• Source material:
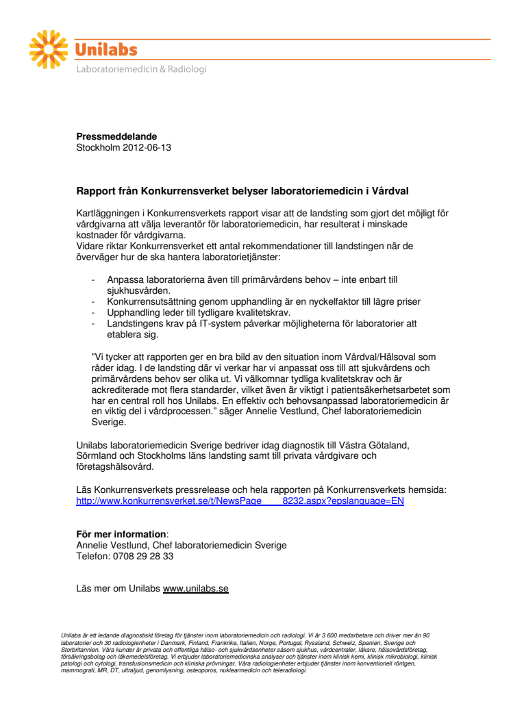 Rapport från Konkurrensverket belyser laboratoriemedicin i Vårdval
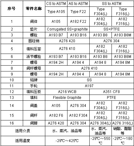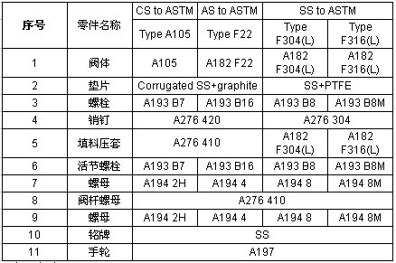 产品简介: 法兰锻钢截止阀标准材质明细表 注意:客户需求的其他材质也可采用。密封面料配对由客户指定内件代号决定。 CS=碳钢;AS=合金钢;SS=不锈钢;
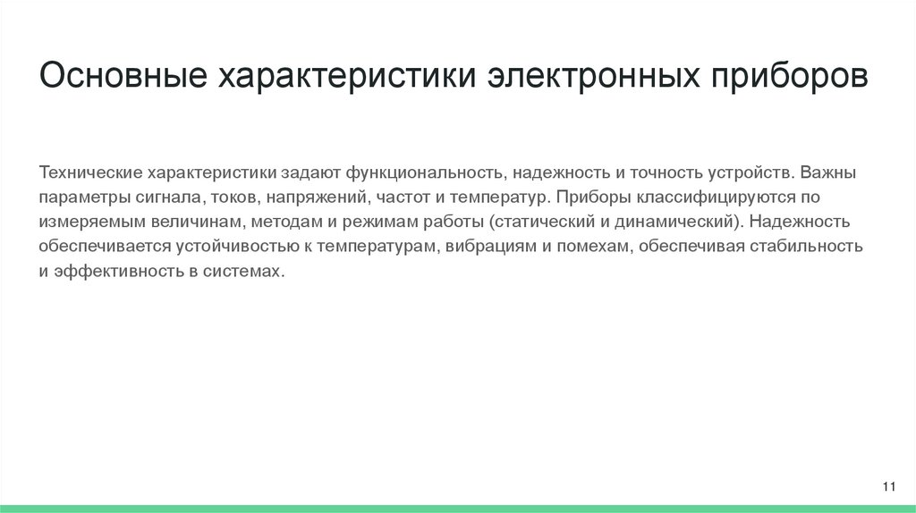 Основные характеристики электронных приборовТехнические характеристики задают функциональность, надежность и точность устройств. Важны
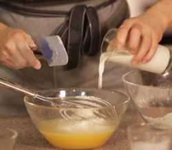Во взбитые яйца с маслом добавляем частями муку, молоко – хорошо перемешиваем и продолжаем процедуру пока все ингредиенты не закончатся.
==
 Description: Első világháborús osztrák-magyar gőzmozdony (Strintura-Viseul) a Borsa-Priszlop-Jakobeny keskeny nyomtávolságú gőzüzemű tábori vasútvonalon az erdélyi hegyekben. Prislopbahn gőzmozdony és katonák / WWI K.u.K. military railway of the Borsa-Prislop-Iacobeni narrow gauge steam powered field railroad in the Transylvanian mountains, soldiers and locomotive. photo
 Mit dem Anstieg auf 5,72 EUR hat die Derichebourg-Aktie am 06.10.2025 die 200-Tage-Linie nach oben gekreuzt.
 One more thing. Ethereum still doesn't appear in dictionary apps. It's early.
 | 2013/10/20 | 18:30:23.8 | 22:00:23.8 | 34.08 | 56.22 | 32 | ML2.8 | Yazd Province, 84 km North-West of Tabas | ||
---
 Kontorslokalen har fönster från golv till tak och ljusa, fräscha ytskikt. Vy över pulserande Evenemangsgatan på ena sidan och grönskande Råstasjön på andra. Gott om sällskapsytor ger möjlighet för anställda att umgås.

• What the task asks: Exactly the lines above, from the one containing "Rapport från Konkurrensverket" down to the one containing "Во взбитые яйца", are to be repeated, including both ends. Pictures are not part of the copy.

• Expected answer:
 Rapport från Konkurrensverket belyser laboratoriemedicin i Vårdval
 产品简介: 法兰锻钢截止阀标准材质明细表 注意:客户需求的其他材质也可采用。密封面料配对由客户指定内件代号决定。 CS=碳钢;AS=合金钢;SS=不锈钢;
 Основные характеристики электронных приборовТехнические характеристики задают функциональность, надежность и точность устройств. Важны
Во взбитые яйца с маслом добавляем частями муку, молоко – хорошо перемешиваем и продолжаем процедуру пока все ингредиенты не закончатся.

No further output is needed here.